A Constituição Federal, ao instituir as limitações do poder de tributar, promoveu uma especificação do princípio da isonomia contido em seu art. 5º, caput, vedando expressamente a instituição de tratamento desigual entre contribuintes em situação equivalente, consoante se lê em seu artigo 150, II.
Como visto, a norma impede a distinção em razão de ocupação ou função ou da denominação jurídica dos rendimentos.

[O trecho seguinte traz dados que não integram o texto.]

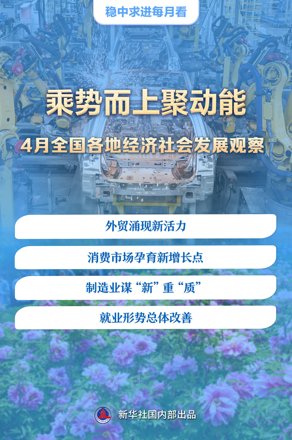 春意盎然育生機(jī)。一季度經(jīng)濟(jì)數(shù)據(jù)出爐釋放積極信號(hào),消費(fèi)市場(chǎng)亮點(diǎn)紛呈,經(jīng)濟(jì)社會(huì)發(fā)展對(duì)就業(yè)的帶動(dòng)效應(yīng)逐步顯現(xiàn)……今年4月,全國各地真抓實(shí)干,乘勢(shì)而上,進(jìn)一步鞏固和增強(qiáng)經(jīng)濟(jì)回升向好態(tài)勢(shì)。
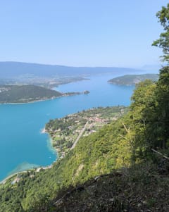 Une très chouette randonnée... Le début est effectivement très raide (457 mètres de dénivelé en 45 minutes), mais à l'ombre des bois, c'est agréable. Un petit conseil : au lieu-dit "Sous Rovagny", tourner à droite en direction de Rovagny, puis suivre le sentier menant au Belvédère du Bois des Hêtres, d'où vous aurez une vue magnifique sur une grande partie du lac. Le chemin est quasiment plat et sans aucune difficulté et vous y trouverez même des bancs pour un pique-nique à l'ombre.
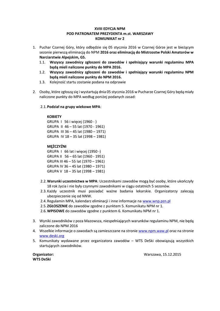 XVIII EDYCJA NPM POD PATRONATEM PREZYDENTA m.st. WARSZAWY KOMUNIKAT nr 2 1. Puchar Czarnej Góry, który odbędzie się 05 stycznia 2016 w Czarnej Górze jest w bieżącym sezonie pierwszą eliminacją do NPM 2016 oraz eliminacją do Mistrzostw Polski Amatorów w Narciarstwie Alpejskim, GS. 1.1. Wszyscy zawodnicy zgłoszeni do zawodów i spełniający warunki regulaminu MPA będą mieli naliczone punkty do MPA 2016. 1.2. Wszyscy zawodnicy zgłoszeni do zawodów i spełniający warunki regulaminu NPM będą mieli naliczone punkty do NPM 2016. 1.3. Kolejność startu zostanie podana na odprawie 2. Osoby, które zgłoszą się i wystartują dnia 05 stycznia 2016 w Pucharze Czarnej Góry będą miały naliczone punkty do MPA według poniżej podanych zasad: 2.1. Podział na grupy wiekowe MPA: KOBIETY GRUPA I 56 i więcej (1960 - ) GRUPA II 46 – 55 lat (1970 - 1961) GRUPA III 36 – 45 lat (1980 – 1971) GRUPA IV 18 – 35 lat (1998 – 1981) MĘŻCZYŹNI GRUPA I 66 lat i więcej (1950 -) GRUPA II 56 – 65 lat (1960 - 1951) GRUPA III 46 – 55 lat (1970 – 1961) GRUPA IV 36 – 45 lat (1980 – 1971) GRUPA V 18 – 35 lat (1998 – 1981) 2.2. Warunki uczestnictwa w MPA: Uczestnikami zawodów mogą być osoby, które ukończyły 18 rok życia i nie były czynnymi zawodnikami w ciągu ostatnich 5 sezonów. 2.3. Każdy uczestnik musi posiadać ważne badania lekarskie. Organizatorzy zalecają ubezpieczenie się od NNW. 2.4. Regulamin MPA, kalendarz eliminacji i inne informacje na www.wnp.pzn.pl 2.5. ZGŁOSZENIE do zawodów zgodne z punktem 5. Komunikatu NPM nr 1. 2.6. WPISOWE do zawodów zgodne z punktem 6. Komunikatu NPM nr 1. 3. Wyniki zawodników z poza Mazowsza, niespełniających warunków regulaminu NPM, nie będą zaliczone do NPM 2016 4. Wszelkie informacje o zawodach są zamieszczane na stronie www.npm.waw.pl oraz na stronie www.deski.org 5. Komunikaty wydawane przez organizatora zawodów – WTS DeSki obowiązują wszystkich startujących zawodników. Organizator: WTS DeSki Warszawa, 15.12.2015
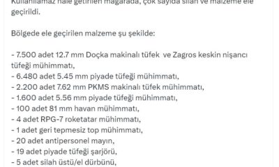 Bakanlığın sosyal medya hesabından yapılan açıklamada, “Irak kuzeyindeki Pençe-Kilit Operasyonu bölgesinde icra edilen operasyonda teröristler tarafından barınma ve saklanma maksadıyla kullanılan bir mağara daha teröristlerden temizlendi....
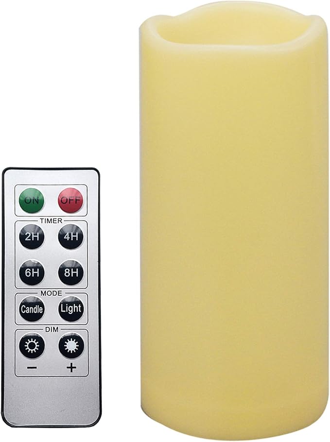 - 【Easy to use with remote】The remote has a 10-20 foot range. You can use the remote control to turn on and off the flameless LED candle, set the timer (2H, 4H, 6H and 8H daily cycle timers are available), select the mode (flickering or steady light) or choose the brightness level. Set 4H timer, the candle light stays on for 4 hours and turns off automatically for 20 hours and then on again itself on the second day.
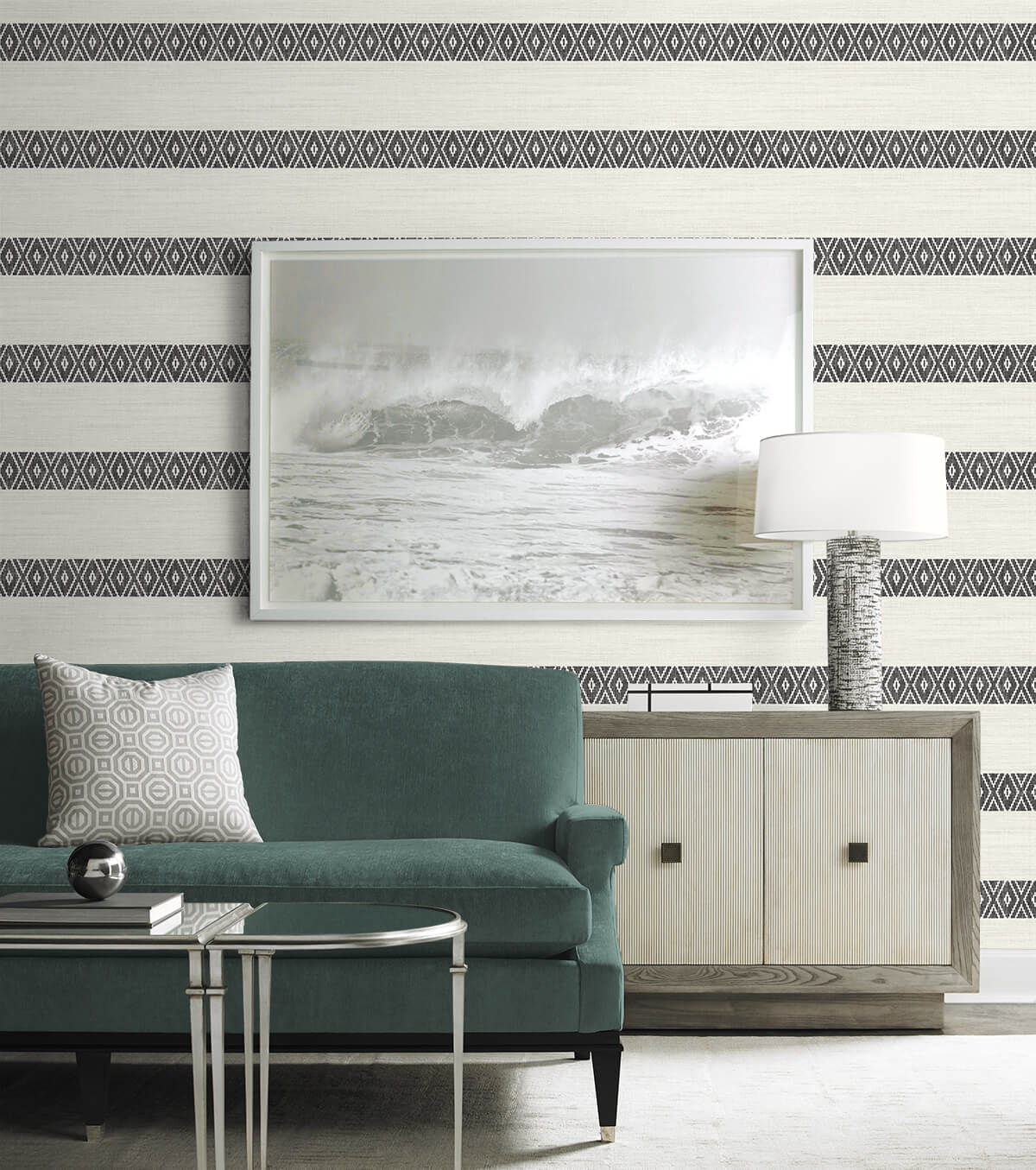 Lillian August Coastal Haven Alani Geo Stripe Wallpaper - Charcoal
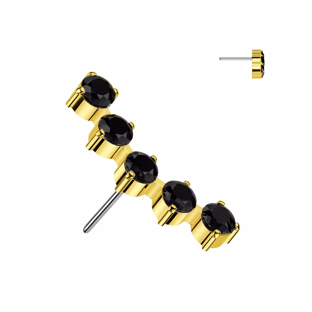 Threadless topp i titanium - Böjd topp med 5st CZ

A dignidade da pessoa humana enquanto valor universal humanístico passou a ser o fundamento das Constituições dos países democráticos, deslocando a finalidade do Estado para um único ponto, ou seja, o indivíduo. No caso, a isenção do Imposto de Renda aos portadores de doenças graves visa a atenuar o sofrimento causado pela doença, na medida em que permite o recebimento de um rendimento maior que aquele que seria auferido em condições normais de saúde. O Constituinte originário com base nessa determinação definiu de forma expressa no artigo 1º, inciso III, a dignidade da pessoa humana como fundamento do Estado Democrático de Direito Brasileiro.

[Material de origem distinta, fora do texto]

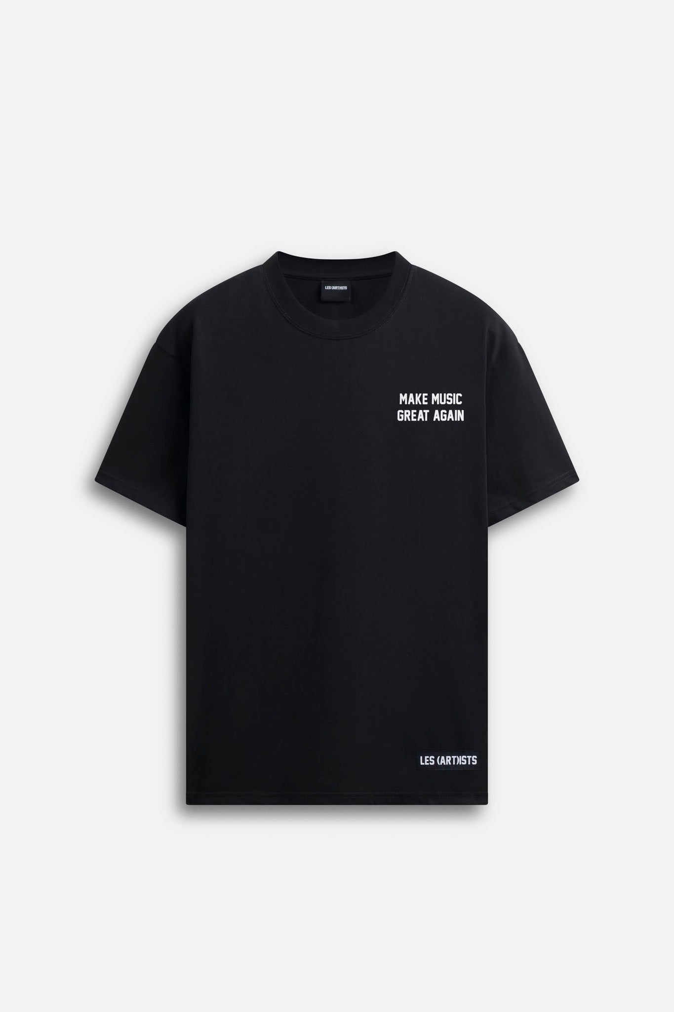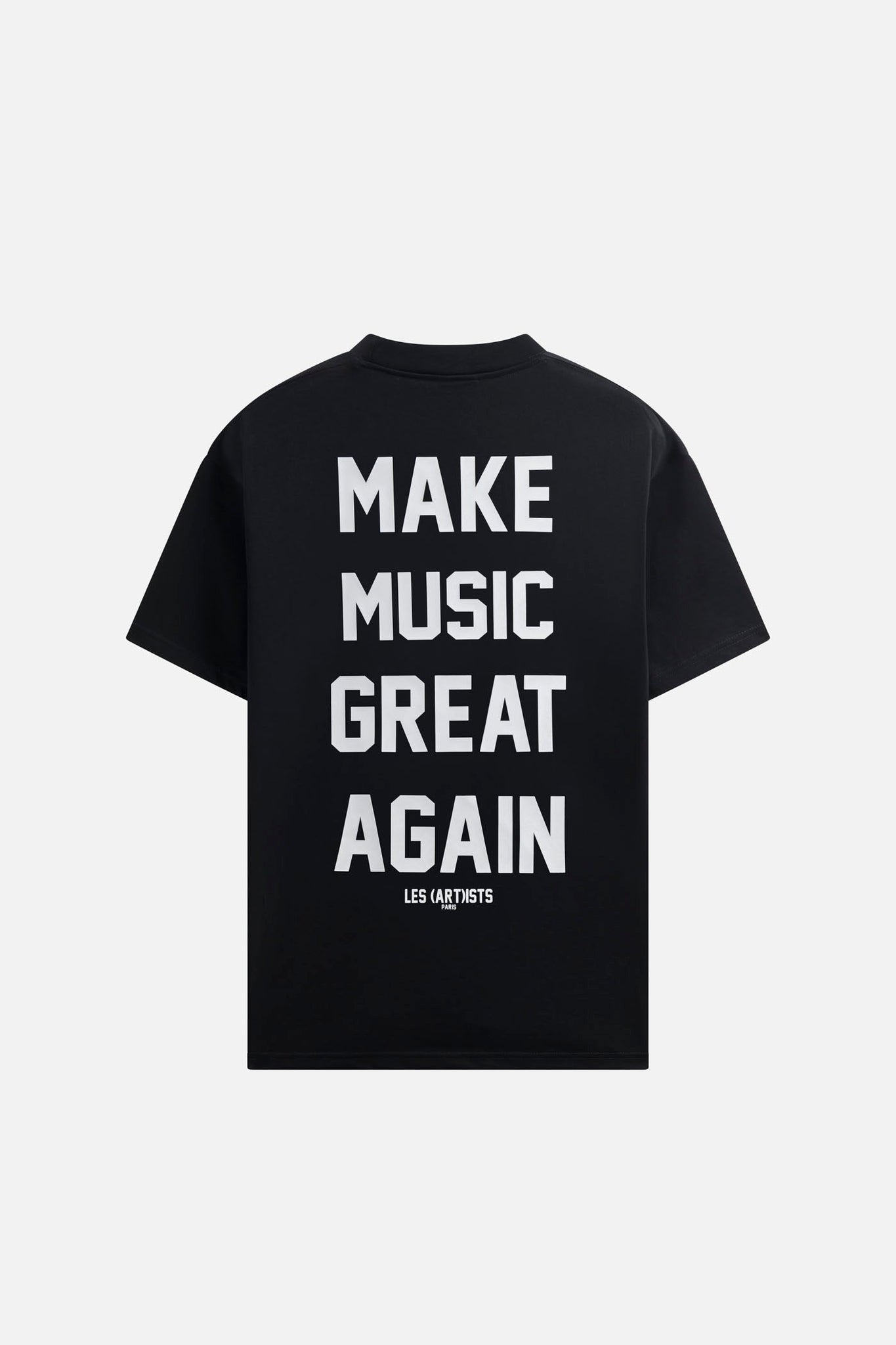 The T-shirt Make Music Black/White redefines boldness through contrast and texture. Cut from premium cotton with a washed effect, it features a small chest print reading “Make Music Great Again” and a large back print of the same slogan in white brick style. A striking streetwear piece blending clarity and attitude.

O tema merece uma nova abordagem, à luz da atual realidade fática e dos dispositivos da Constituição Federal, como se vê em muitos julgados, como por exemplo o do TRF 1ª Região, 4ª Seção, EINF 2009.33.00.009545-1/BA, Rel. des. Fed. Luciano Tolentino Amaral, e-DJF1 8/2/13.
É relevante apontar o acórdão proferido pela C. Oitava Turma, do E. Tribunal Regional Federal da 1ª Região, no julgamento da AC 0056831-68.2012.4.01.3400/DF, no qual foi negado provimento ao recurso da Fazenda Nacional, afastando-se expressamente o princípio da legalidade estrita, tendo em vista que os princípios da isonomia e da dignidade da pessoa humana se sobrepõem “a qualquer outro de cara'ter eminentemente legalista e restritivo de direitos”.
O aludido julgado e' catego'rico ao destacar que “na~o se pode admitir que essa benesse fiscal seja concedida apenas aos aposentados ou reformados, em detrimento daqueles que ainda prestam serviços à nação, tendo em vista que, em casos como este, o sacrifício do contribuinte (ativo ou inativo) e' o mesmo”.
Impende ressaltar, que o acórdão acima, restou mantido pelo E. Superior Tribunal de Justiça no julgamento do RECURSO ESPECIAL 1.749.197 – DF.
Percebe-se, assim, que vasta área do Poder Judiciário já tem se mostrado sensível à problemática exposta, aplicando a legislação tributária em consonância com a finalidade visada pelo legislador (ou seja, o bem jurídico que se buscou proteger com a isenção) e a principiologia constitucional. E não é outro o entendimento que deve ser aplicado no presente caso.
Vale destacar que na ADIn 6.025 o próprio fiscal da lei adota entendimento de que a norma atacada é inválida, na medida que “afronta os princípios da dignidade da pessoa humana, dos valores sociais do trabalho e da igualdade. Desrespeita, ainda, a especial proteção conferida às pessoas com deficiência pela Constituição e pela Convenção de Nova York.”
Assim, resta-nos esperar que os tribunais superiores revejam seu entendimento.